THE mourning wife of the Sunshine Coast veteran who was crushed in a Tasmanian mine tragedy has attacked the Department of Defence for long recruitment delays that she says led to his death.
Nathaniel Beesley, 32, died on March 17 in the Savage River mine rockfall, and his wife is angry he had to take the job in the first place.
He was working to support his family while waiting for a transfer to the Australian Defence Force, after serving on two tours of Afghanistan in the UK Royal Marines.
His wife Katie Beesley said he had been attempting to make the transfer since 2014.
She left a scathing message on the Defence Force Jobs Facebook page after the tragedy.
"You have told my husband since July last year that his interview would be 'next month' and yet no interview or arrangements were made," Mrs Beesley said.
"He was not contacted despite being told weeks ago by an army major that he would get back to him 'within a couple of days'.
"I do not want any bureaucratic, 'this is the process' generic response. I want answers from those who run the recruitment process. Because at some point in the future I need to explain to my 4-year-old and 1-year-old why he was treated so badly."
A Defence spokesman said the agency was examining the circumstances of the application.

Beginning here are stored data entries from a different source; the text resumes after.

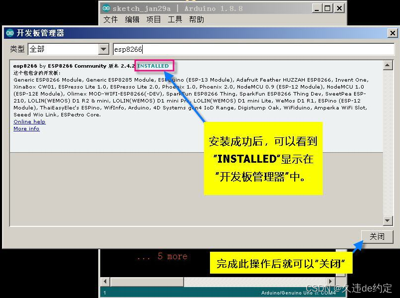 成功安装“esp8266开发板”插件文件
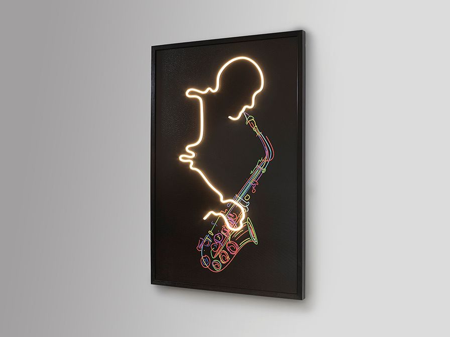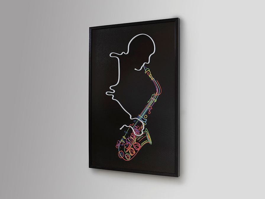 Dibujo en trazo de músico con saxofón, composición con tira de luz led decorativa. Lienzo impreso, pegado sobre tabla y enmarcado en negro.
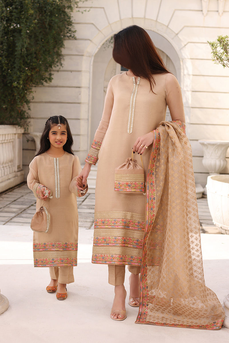 Color: Nude Fabric: Organza & Silk Pant Work Details: Embroidery & Mirror Work

Royal Marines Association Queensland president Cleve Whitford, who successfully transferred to the Australian Navy after emigrating, told the Courier Mail the process was not complicated.
He said recruiters should have done everything possible to enlist a soldier with Mr Beesley's experience and training.
Friends of the family have set up a GoFundMe page to help support Mrs Beesley and her two sons.
Donors have already raised more than $32,000 in five days.
Mrs Beesley said her husband's body had been recovered from the mine.
"I am told his death would have been instant - no suffering," she said in a message to supporters.
"I am also told that Nathan was the one who raised the alarm so that the other workers had time to shelter from the falling rock.
"They all survived thankfully. But Nathan stood no chance - the rocks fell directly onto him.
"Nathan has always been a hero, we all know that. But the fact that he was a hero in the very last moments of life is incredible and so comforting.
"Deep down, through all the grief and pain, I know I am blessed because I had him for 13 whole years - he was mine and I was his and that will never change because I know he is still with me and the boys really."
WorkSafe Tasmania is investigating the circumstances behind the mining tragedy.